Published online 2024 Aug 1. doi:10.14744/AnatolJCardiol.2024.3562
PMCID: PMC11317779
PMID: 38798238
Serhat Erol,1 Aslıhan Gürün Kaya,1 Fatma Arslan,1 Sümeyye Ayöz,1 Ayşegül Gürsoy Çoruh,2 Melahat Kul,2 Evren Özçınar,3 Aydın Çiledağ,1 Zeynep Pınar Önen,1 Akın Kaya,1 Özlem Özdemir Kumbasar,1 and Stavros V. Konstantinides4
Author information Article notes Copyright and License information PMC Disclaimer
Abstract
Background:
Right ventricular dysfunction (RVD) is the main determinant of mortality in patients with pulmonary embolism (PE). Thus, guidelines recommend the assessment of RVD with transthoracic echocardiography (TTE) or computed tomography pulmonary angiography (CTPA) among these patients. In this study, we investigated the agreement between TTE and CTPA for the detection of RVD.
Methods:
This single-center retrospective study included patients who were diagnosed with CTPA and underwent TTE within the first 24 hours following the diagnosis.
Results:
Two hundred fifty-eight patients met the inclusion criteria. In 71.3% (184) of them, CTPA and TTE agreed on both the presence and absence of RVD. There was a moderate agreement between the 2 tests (Cohen’s kappa = 0.404, P < .001). The agreement between right ventricle dysfunction on TTE and the increased right ventricle/left ventricle (RV/LV) on CTPA was fair (Cohen’s kappa = 0.388, P < .001). Three patients died due to PE, and another 5 patients required urgent reperfusion therapy. Overall, adverse outcomes occurred in 4% (8) of patients. The sensitivity of modalities in the detection of adverse outcomes was 100%. Transthoracic echocardiography was more specific compared to CTPA (43% vs. 28%). Statistically, flattening/bulging of the interventricular septum on TTE was significantly associated with adverse outcomes. No individual CTPA parameter was related to adverse outcomes.
Conclusion:
Both CTPA and TTE are reliable imaging modalities in the detection of RVD. However, TTE is more specific, and this may help in the identification and appropriate management of patients at higher risk of decompensation. A combination of CTPA parameters rather than individual RV/LV ratios increases the sensitivity of CTPA.

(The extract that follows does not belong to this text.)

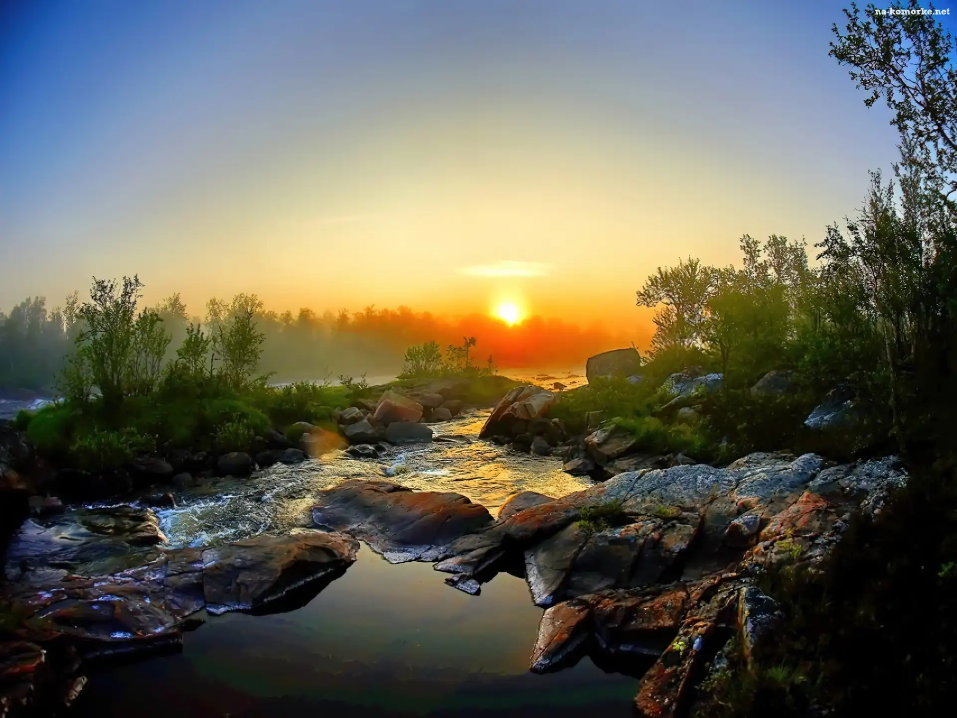 Zachód, Kamienie, Słońca, Rzeka na Komórkę

Keywords: Pulmonary embolism, risk stratification, prognosis, transthoracic echocardiography, computed tomography
Highlights
Both transthoracic echocardiography and computed tomography pulmonary angiography are reliable methods in risk stratification of pulmonary embolism.
Transthoracic echocardiography has a higher specificity. This may help to identify patients at high risk of decompensation.
Introduction
Right ventricular dysfunction (RVD) is the main determinant of mortality in pulmonary embolism (PE).1 Patients considered to be at low risk may have RVD, and early discharge of PE patients may cause increased mortality.2-4 Thus, current guidelines1 recommend assessment of the right ventricle (RV) to avoid erroneous discharge of patients with RVD and catastrophic consequences like post-discharge mortality.

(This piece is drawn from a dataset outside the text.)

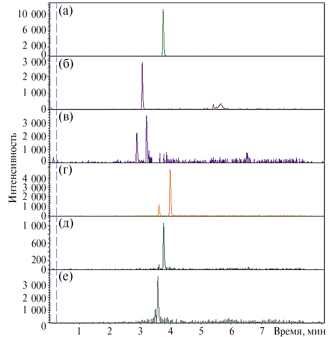 Рис. 1. Хроматограмма по выделенным ионам образца мочи после употребления ибутаморена. m/z: (а) 529.2479, (б) 439.2010, (в) 455.1959, (г) 545.2428, (д) 561.2377, (е) 577.2323.

Transthoracic echocardiography (TTE) is the standard method in the assessment of RV, which shows more parameters and real-time images of RV and enables the detection of intracardiac thrombus and/or RV hypokinesia.5-8 However, it is operator-dependent and not always available, especially during night shifts and emergencies.
Computed tomographic pulmonary angiography (CTPA) enables both diagnosis and risk stratification. Also, the extent of thrombi can be visualized with CTPA. It is widely available and can be reviewed by different clinicians, even from outside the hospital. However, CTPA gives static information about the RV. Intracardiac thrombus and/or RV hypokinesia cannot be recognized by CTPA.
Right ventricle assessment is crucial for safe discharge. And if the assessment is done with CTPA, it must be at least as accurate and reliable as TTE. Though studies revealed the accuracy of CTPA in risk stratification of PE,9-11 we hypothesized that inferiorities of CTPA, such as the inability to detect RV hypokinesia or RV thrombus, may cause misclassification of patients who need longer medical attention. Thus, we aimed to investigate the accuracy of CTPA in the identification of RVD and compare it with TTE.
Methods
In this single-center retrospective study, we reviewed the electronic medical files of patients who were diagnosed with PE between 2013 and 2022. Patients who were diagnosed with CTPA and underwent TTE within the first 24 hours following the diagnosis were enrolled.
Exclusion Criteria
Transthoracic echocardiography after 24 hours of diagnosis or after thrombolytic therapy
Patients known to have pulmonary hypertension or RV failure before PE
Patients with recurrent PE (pulmonary embolism is developed after completion of anticoagulation) or breakthrough PE (pulmonary embolism developing while under anticoagulation)
Patients diagnosed with CTPA acquisition phase incompatibility and movement artifacts, and/or those in whom measurement of heart chambers, evaluation of inferior vena cava (IVC) reflux, and interventricular septum (IVS) morphology was not possible.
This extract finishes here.